KQL has two execution planes:

| Plane | Starts with | Examples |
|-------|-------------|----------|
| **Query** | Table name, `let`, `print`, `datatable` | `StormEvents \| where State == "TEXAS"` |
| **Management** | `.show`, `.create`, `.set`, `.drop`, `.alter` | `.show tables`, `.show table T schema` |

Management commands can be followed by query operators (the output is tabular), but the entire request runs on the management plane. You cannot start with a query and pipe into a management command.

```kql
// ✅ WORKS — management command piped to query operators
.show tables | project TableName | where TableName has "Events"

// ❌ WRONG — query piped into management command
StormEvents | take 5 | .show tables
```

When in doubt: if the first token starts with `.`, it's a management command. For a full catalog of schema exploration commands, see `references/discovery-queries.md`.
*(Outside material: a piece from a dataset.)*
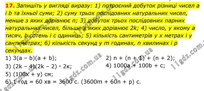 Запишіть у вигляді виразу: 1) потроєний добуток різниці чисел a і b та їхньої суми; 2) суму трьох послідовних натуральних чисел, менше з яких дорівнює n; 3) добуток трьох послідовних парних натуральних чисел, більше з яких дорівнює 2k; 4) число, у якому a тисяч, b сотень і c одиниць; 5) кількість сантиметрів у x метрах і y сантиметрах; 6) кількість секунд у m годинах, n хвилинах і p секундах. 1) 3(a – b)(а + b); 3) (2k – 4)(2k – 2) ∙ 2к; 5) (100x + y) см; 2) n + (n + 1) + (n + 2); 4) 1000а + 100b + с; 6) 1 год = 60 хв = 3600 с. (3600m + 60n + р) с.

## 2. Dynamic Type Discipline

KQL's `dynamic` type is flexible but strict in certain contexts. A common mistake is using a dynamic column in `summarize by`, `order by`, or `join on` without casting.

**The rule**: Any time you use a dynamic-typed column in `by`, `on`, or `order by`, wrap it in an explicit cast.

```kql
// ❌ ERROR: "Summarize group key ... is of a 'dynamic' type"
StormEvents | summarize count() by StormSummary.Details.Location

// ✅ FIX
StormEvents | summarize count() by tostring(StormSummary.Details.Location)
```

```kql
// ❌ ERROR: "order operator: key can't be of dynamic type"
StormEvents | order by StormSummary.TotalDamages desc

// ✅ FIX
StormEvents | order by tolong(StormSummary.TotalDamages) desc
```

```kql
// ❌ ERROR in join: dynamic join key
StormEvents | join kind=inner (PopulationData) on $left.StormSummary == $right.State

// ✅ FIX — cast both sides
StormEvents
| extend State_str = tostring(StormSummary.Details.Location)
| join kind=inner (PopulationData) on $left.State_str == $right.State
```

**Self-correction**: When you see "is of a 'dynamic' type" in an error, add `tostring()`, `tolong()`, or `todouble()`.
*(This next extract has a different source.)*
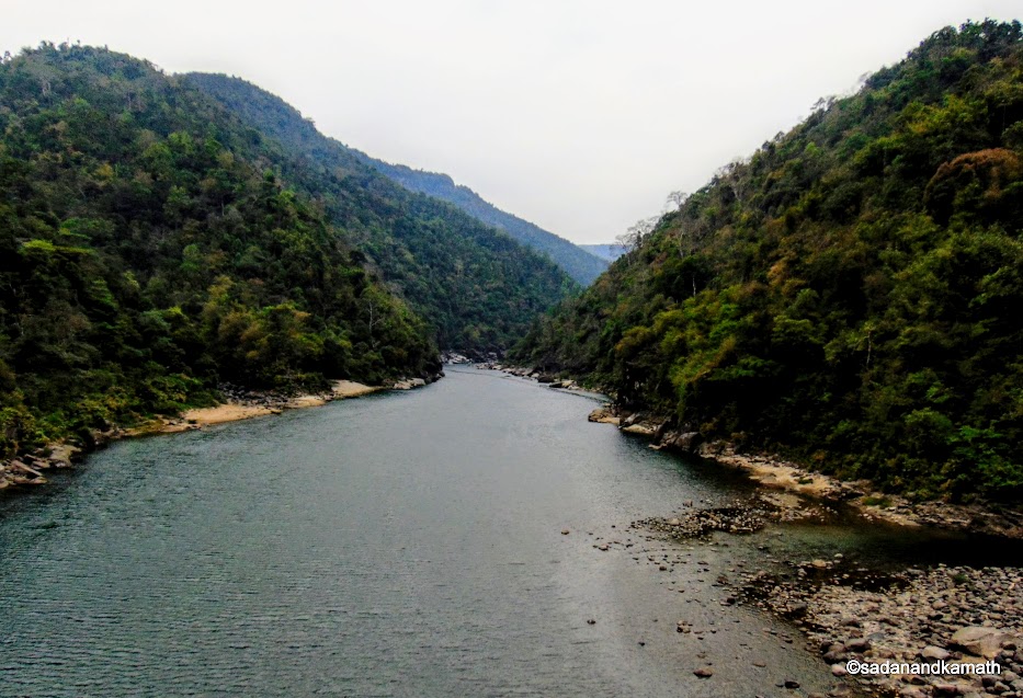 We came out of our log cottage around 6.00 a.m. to scout for some tea in the dabhas in the vicinity our home stay area. The sky was overcast and the cool morning breeze made us to wear jackets. Even though sun in this part of India rises around 5.30 am in the month of March, none of the dabhas were opened. So we decided to take a stroll on the shores of River Umngot. The water in the river was as clean as a transparent glass sheet despite a spell of heavy rains in the last evening.

## 3. Join Patterns & Pitfalls

KQL joins have constraints that differ from SQL.

### Equality only
KQL join conditions support **only `==`**. No `<`, `>`, `!=`, or function calls in join predicates.

```kql
// ❌ ERROR: "Only equality is allowed in this context"
StormEvents | join (nyc_taxi) on geo_distance_2points(BeginLon, BeginLat, pickup_longitude, pickup_latitude) < 1000

// ✅ WORKAROUND — pre-bucket into spatial cells, then join on cell ID
StormEvents
| extend cell = geo_point_to_s2cell(BeginLon, BeginLat, 8)
| join kind=inner (nyc_taxi | extend cell = geo_point_to_s2cell(pickup_longitude, pickup_latitude, 8)) on cell
```

For range joins, pre-bin values: `| extend bin_val = bin(Value, 100)`, then join on `bin_val`. Note: values near bin boundaries may land in adjacent bins — consider checking neighboring bins or overlapping the range for precision.
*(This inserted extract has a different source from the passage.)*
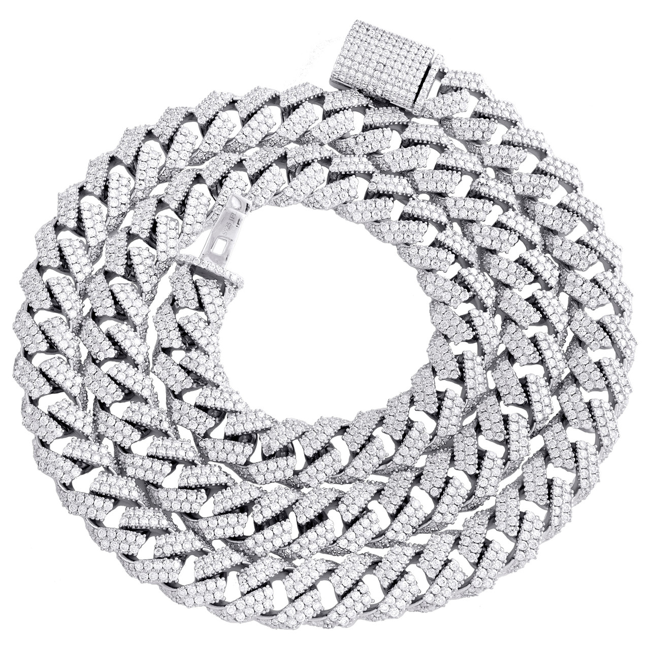 (95.4 gr. of 925 Sterling Silver | Total Carat Weight: 18.41 ct. t.w. of White Moissanite | Length: 22" | Width: 10mm | Clarity: VVS | Color: D | Men's Genuine Round Cut Moissanite Miami Cuban Link Statement Necklace Prong Set Chain)

### Left/right attribute matching
Both sides of a join `on` clause must reference **column entities only** — not expressions, not aggregates.

```kql
// ❌ ERROR: "for each left attribute, right attribute should be selected"
StormEvents | join kind=inner (PopulationData) on $left.State

// ✅ FIX — specify both sides explicitly
StormEvents | join kind=inner (PopulationData) on $left.State == $right.State
```

### Cardinality check before large joins
**Always** check cardinality before joining tables with >10K rows. A cross-join explosion was the source of the single `E_RUNAWAY_QUERY` error (25K × 195 = potential 4.8M rows).

```kql
// Before joining, check how many rows each side contributes
StormEvents | summarize dcount(State)        // → 67 distinct states
PopulationData | summarize dcount(State)     // → 52 — safe to join
```

## 4. Regex in KQL

KQL handles regex natively — no need for Python.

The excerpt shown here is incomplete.